Iggy-as-spectacle is great. As a star, he cuts a more peculiar figure than ever, a beanpole halfpint with not an inch to pinch on his twitching and flailing body. But, while he acts and looks like the 16 year old brat, he also seems conscious of now having an avuncular/forefather role, making invocatory gestures to the audience, desperate to involve and incite. He knows that "kids" are still caged by the same impasses, still bored out of their skulls. But he's torn between advocating getting smart (he taps the side of his head) and proposing a willful regression into infantilism and idiocy (he picks his nose, sniffs his cock, sucks his thumb and sticks his microscopic arse at the audience). And how can rock'n'roll grow old?

"I wish I could reach out and fuck you all." Iggy Pop doesn't get quite that far (beyond being a show). The encores, "1970", "I Wanna Be Your Dog", "Gotta Right", get closest, the music finally getting ragged and approaching flashover, and like everyone else I have no choice but to raise adoring arms. Best of all, though, is when the music's over but Iggy keeps writhing on, with the spastic grace that says "I'm an idiot, so love me". He's still trying to leap out of his skin, still wants to be out of this world and have unimaginably total congress with it, penetrate to the core. You could do a lot worse than pay a respectful visit to Iggy Pop's sweating, strutting archive of himself.


THE STOOGES, The Stooges and Funhouse
Melody Maker, 1994

by Simon Reynolds



Funhouse is, no contest, the greatest rock'n'roll album of all time. And its prequel, The Stooges, is the tremor before the full quake.

From the 1969 debut, "I Wanna Be Your Dog" and "No Fun" are the justly famous anthems, but if anything "Real Cool Time" and "Not Right" are even more incendiary. Ron Asheton's wah-wah tongues-of-flame, Dave Alexander's sidling stealth-bass, Scott Asheton's seething drums, all conjure up an organic, monstrous, marauding prescence. The Stooges never break loose, thrash or flail--what so many idiots today confuse with intensity--but instead hold all their deadly energy in reserve, brood and simmer.

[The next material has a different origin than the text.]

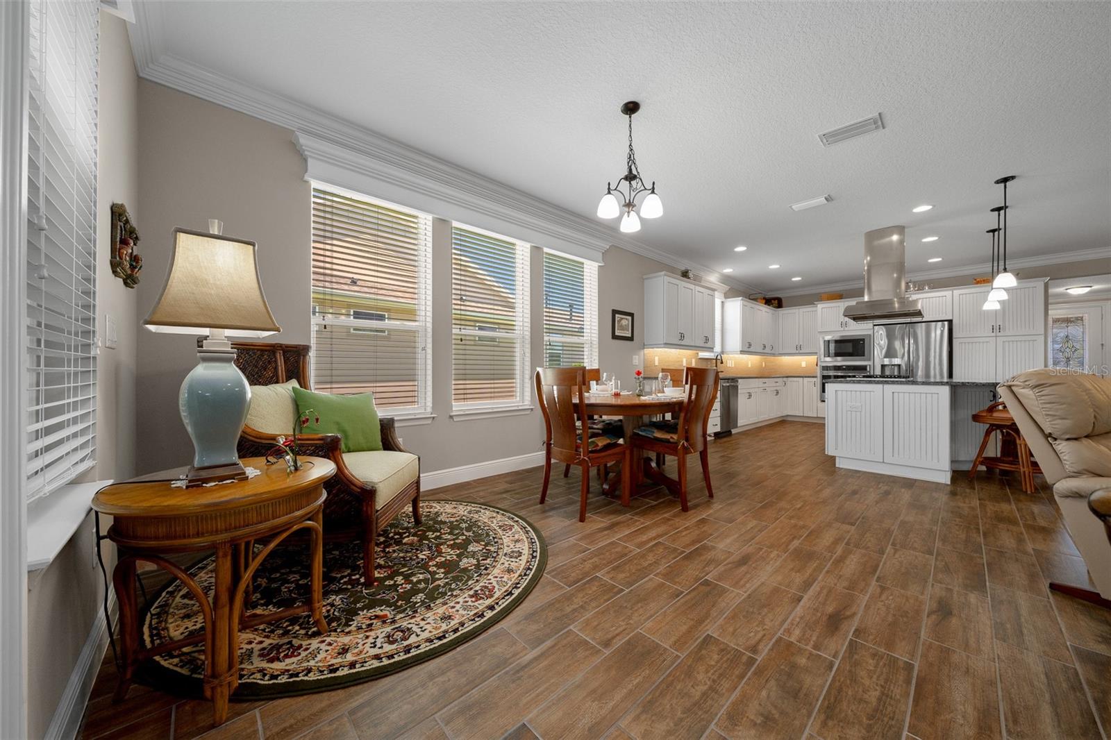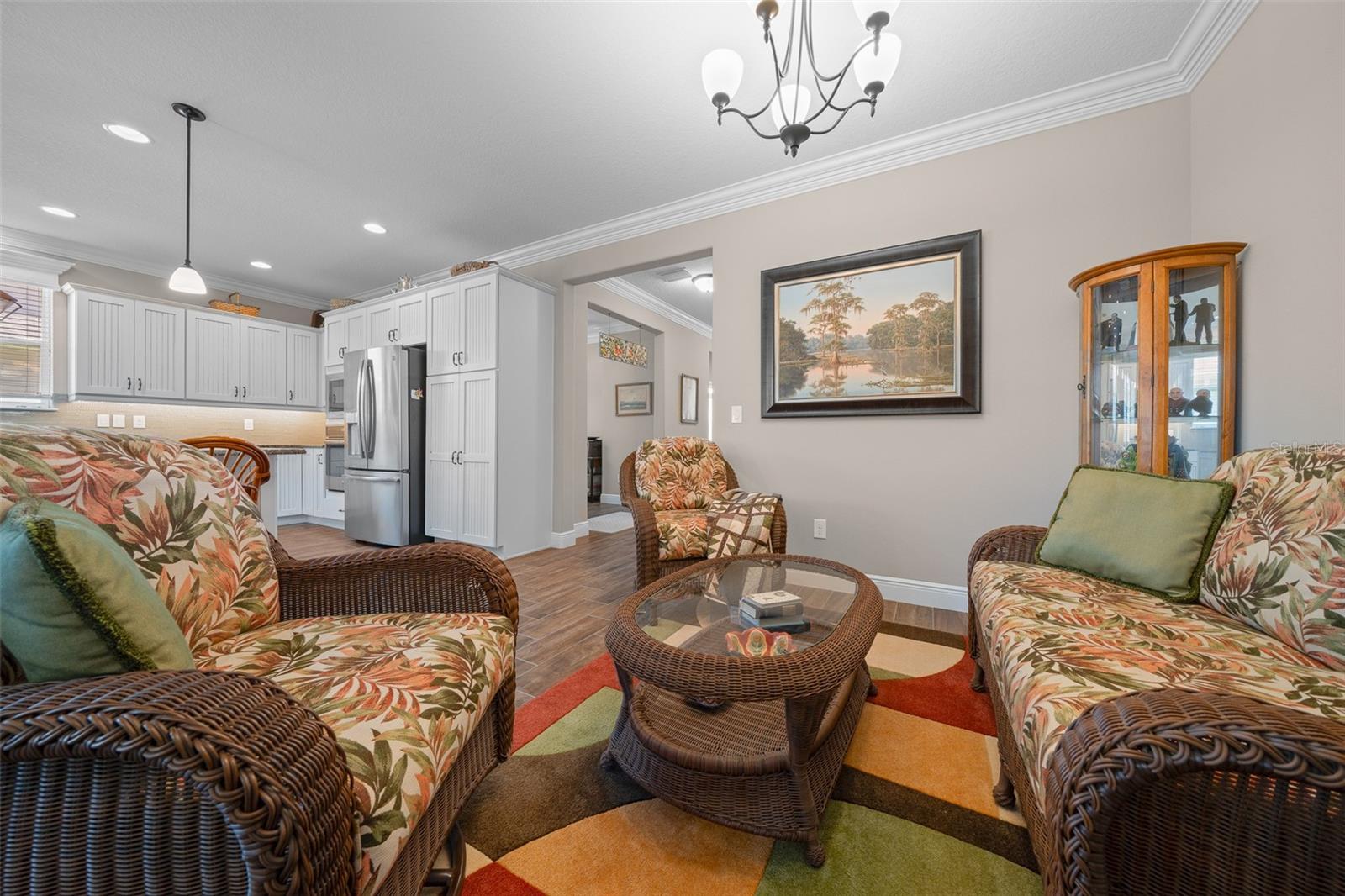 PREÇO MELHORADO – 0 financiamento inicial disponível! Casa lindamente conservada, localizada na área altamente procurada para todas as idades da comunidade de estilo resort de Ocala Preserve. Esta residência atualizada oferece a combinação perfeita de conforto, elegância e eficiência moderna. Uma das características de destaque é a enorme adição do Florida Room de 24,6' x 19,6', projetada para entretenimento e relaxamento. O espaço inclui um bar embutido com refrigerador de vinho, refrigerador de bebidas e garrafeira, além de buffet embutido e carrinho de rolamento - tudo incluído na casa. Um sistema de ar condicionado mini-split instalado em 2024 garante conforto durante todo o ano. A varanda protegida abrange toda a largura da casa e oferece vistas tranquilas do espaço verde aberto e da área de retenção seca. Uma conexão de gás natural está pronta para grelhar ao ar livre. No interior, a casa possui um novo sistema de ar condicionado com bomba de calor RUUD de 4 toneladas e 18 SEER (instalado em novembro de 2024) para aquecimento e resfriamento eficientes. O imóvel está equipado com gás natural para fogão, secadora e esquentador. Os acabamentos elegantes incluem sancas duplas, sanefas de madeira personalizadas, portas de painel em arco estilo Cheyenne, cantos arredondados e rodapés de 5¼". A área de estar aberta inclui uma saída de piso para colocação flexível de móveis. A cozinha do chef apresenta os armários atualizados de mais alto nível do construtor com esmalte, sancas e iluminação sob o armário, junto com uma pia composta de granito, armário de lixo extraível e gavetas fundas para panelas e frigideiras. A iluminação pendente acima da ilha adiciona um toque de estilo. Ambos os banheiros possuem chuveiros totalmente revestidos em azulejos, pias e vasos sanitários de altura confortável e gavetas adicionais para armazenamento. A suíte principal inclui uma charmosa área de estar ampla. O piso é de cerâmica nas principais áreas de estar e carpete em ambos os quartos. A lavanderia inclui pia e todos os eletrodomésticos (geladeira, lavadora e secadora) acompanham a venda. As características externas incluem paisagismo bem conservado com bordas de pedra decorativas, um sistema completo de calha e calha e um vínculo transferível de cupins com estações de isca para maior tranquilidade. Ocala Preserve oferece um verdadeiro estilo de vida de resort com serviços HOA que incluem cuidado de gramado, paisagismo, irrigação, fertilização, controle de pragas e internet de fibra de alta velocidade. As comodidades incluem um clube com restaurante no local e chef executivo, um spa de luxo, academia de ginástica de última geração com aulas, quadras de tênis, pickleball, bocha e ferradura, quilômetros de trilhas para caminhada e ciclismo e caiaques, canoas e acesso ao cais de pesca. Os entusiastas do golfe irão desfrutar do campo híbrido de 24 buracos, com a conveniência de pagar conforme joga e layouts em constante mudança. Localizada a poucos minutos do World Equestrian Center, de lojas, restaurantes e instalações de saúde, esta casa oferece o melhor do resort da Flórida Central, com luxo de baixa manutenção e comodidades excepcionais.

The Stooges is awesome, but even the best songs sound like sketches for 1970's Funhouse, when the band break loose from John Cale's slightly dessicated production and rock out. Right from the start, with "Down On The Streets", it's also clear that the band have learned how to play, and leapt from the stilted Troggs-like stomp of "No Fun" to a punk-funk jive'n'roll so supple, serpentile and swinging you just gotta dance. Funhouse is proto-punk and proto-metal, but it's also, in some weird unanalysable way, jazz, even when Steve McKay isn't blowing freeform sax.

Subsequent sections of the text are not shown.